El largo título del libro es elocuente y merecido. El río Congo. Descubrimiento, exploración y explotación del río más dramático de la tierra recorre, en casi quinientas páginas, una historia impresionante de osadía, despojo, explotación y muerte, a lo largo del curso del río majestuoso que recorre el corazón de África. El corazón de las tinieblas. El Nilo, el Congo y el Níger, los tres grandes ríos africanos, despertaron desde muy antiguo la imaginación y la inquietud en Occidente, pero, de los tres, el Congo fue siempre el más misterioso, porque su curso errante recorría los lugares más ignotos del continente más tardío en su incorporación a los mapas.

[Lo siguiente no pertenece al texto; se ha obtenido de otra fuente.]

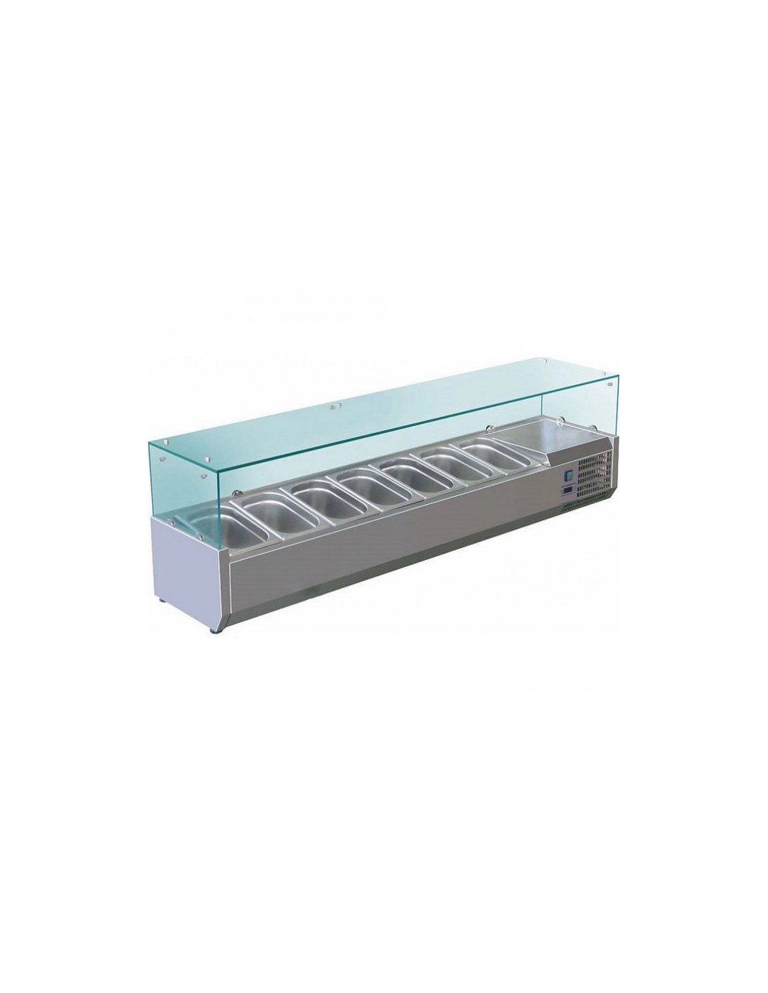 Présentoir réfrigéré pour 7 Bacs GN 1/4 Vitrage droit L1600mm Profondeur 395mm

El río que se traga a los demás ríos. Tal parece ser la raíz etimológica de Zaire, incorrecta pronunciación en portugués "de la antigua voz kikongo nzadi o nzere", que significa precisamente eso y que por ello ha sido reinvindicada por el nacionalismo africano como el auténtico nombre del río y del país que se extiende en una de sus riberas. Pero, como bien apunta Forbath, el nombre Congo despierta innumerables ecos en la memoria colectiva y sigue presente en la historia contemporánea, además de ser, por cierto, una voz de auténtico e incontaminado origen africano.


Peter Forbath, inglés, murió en 1998. Fue periodista, historiador y novelista, no necesariamente en ese orden. Varias de sus obras se relacionan con el Congo y tienen como base su trabajo como corresponsal de la revista Time en África. No hace falta -aunque sin duda que deben ser de interés- leer otros de sus libros para calificarlo como uno de los clásicos ensayistas ingleses que, sin la necesidad de un voluminoso aparato crítico con gran despliegue de notas a pie de página y contundentes bibliografías, es capaz de producir una obra tan erudita como apasionante, tan grata de leer como firme en sus opiniones y juicios. Quiso escribir la gran historia del río Congo, emulando obras similares sobre el Nilo y el Níger, y sin duda que lo logró. Adentranse en sus páginas es navegar varias veces, o en varios sentidos, el curso del río, desde la descripción geográfica y etnográfica hasta cómo fue adquiriendo forma en los mapas y, finalmente, cómo el río y los vastos territorios de su cuenca y los pueblos que habitan en sus riberas han escrito, y siguen escribiendo, una historia trágica como pocas. Los mercaderes del norte de África que trafican (lo siguen haciendo) esclavos desde hace siglos, las naves europeas que se acercaban a las costas a cazarlos y embarcarlos, la furia homicida de tribus divididas por disputas inmemoriales, el exterminio feroz a que fueron sometidos por los invasores belgas que pagaban por pares de orejas a endurecidos mercenarios, la conflictiva carrera hacia la independencia, el abandono europeo, las secuelas terribles de guerras civiles, tribales y territoriales en el corazón de África, en El corazón de las tinieblas, son los principales hilos de la trama que Forbath desarrolla en un libro ejemplar e inolvidable.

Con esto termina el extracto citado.